EXECUTIVE/KEY EMPLOYEE PHANTOM STOCK AWARD AGREEMENT
Exhibit 10.58
EXECUTIVE/KEY EMPLOYEE PHANTOM STOCK AWARD AGREEMENT
This Phantom Stock Agreement (the “Agreement”), dated effective as of ___________ (the “Grant Date”), is entered into between Triad Guaranty Inc., a Delaware corporation (the “Company”), and ________________ (the “Participant”).
WHEREAS, the Company, pursuant to its 2006 Long-Term Stock Incentive Plan, as it may be amended and/or restated (the “Plan”), desires to grant Phantom Stock rights (as defined in the Plan) to the Participant, and the Participant desires to accept such Phantom Stock rights, on the terms and conditions set forth herein.

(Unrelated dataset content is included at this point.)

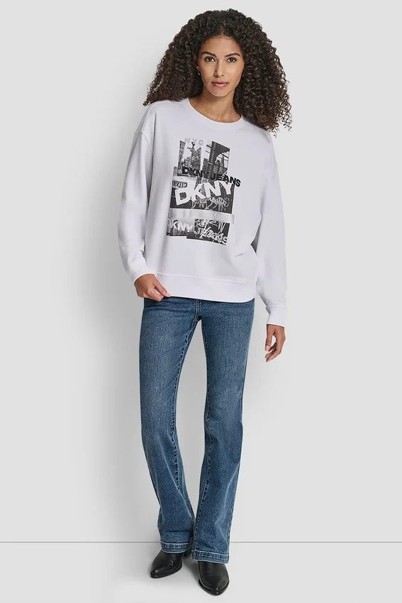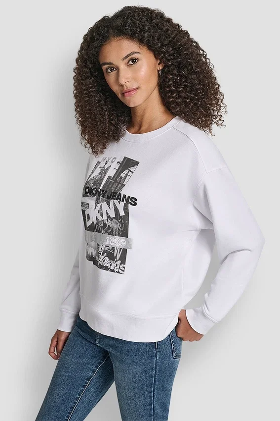 A City-Inspired Staple, This Crew Neck Sweatshirt Features a Photoreal Nyc Graphic Finished with Rhinestone and Foil Dkny Logo Detailing for a Bold, Street-Smart Edge.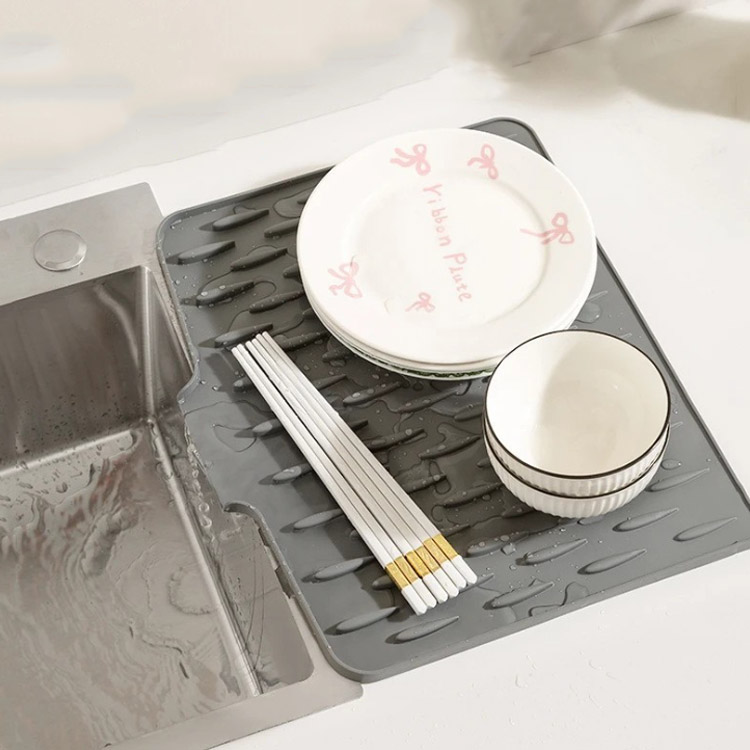洗った後の食器置き場としてオススメのキッチン水切りマット。吸水マットなので、シンクなどを直接濡らさずに、キッチンをいつも清潔に保ってくれる水切りマットです。

NOW, THEREFORE, in consideration of the mutual promises hereinafter set forth, the parties hereto agree as follows:
1. Grant of Phantom Stock Rights. The Company hereby grants to the Participant, on the terms and conditions set forth herein, Phantom Stock rights (“Phantom Stock Right” or “Phantom Stock Rights”) with respect to _____ shares of the common stock of the Company (the “Common Stock”).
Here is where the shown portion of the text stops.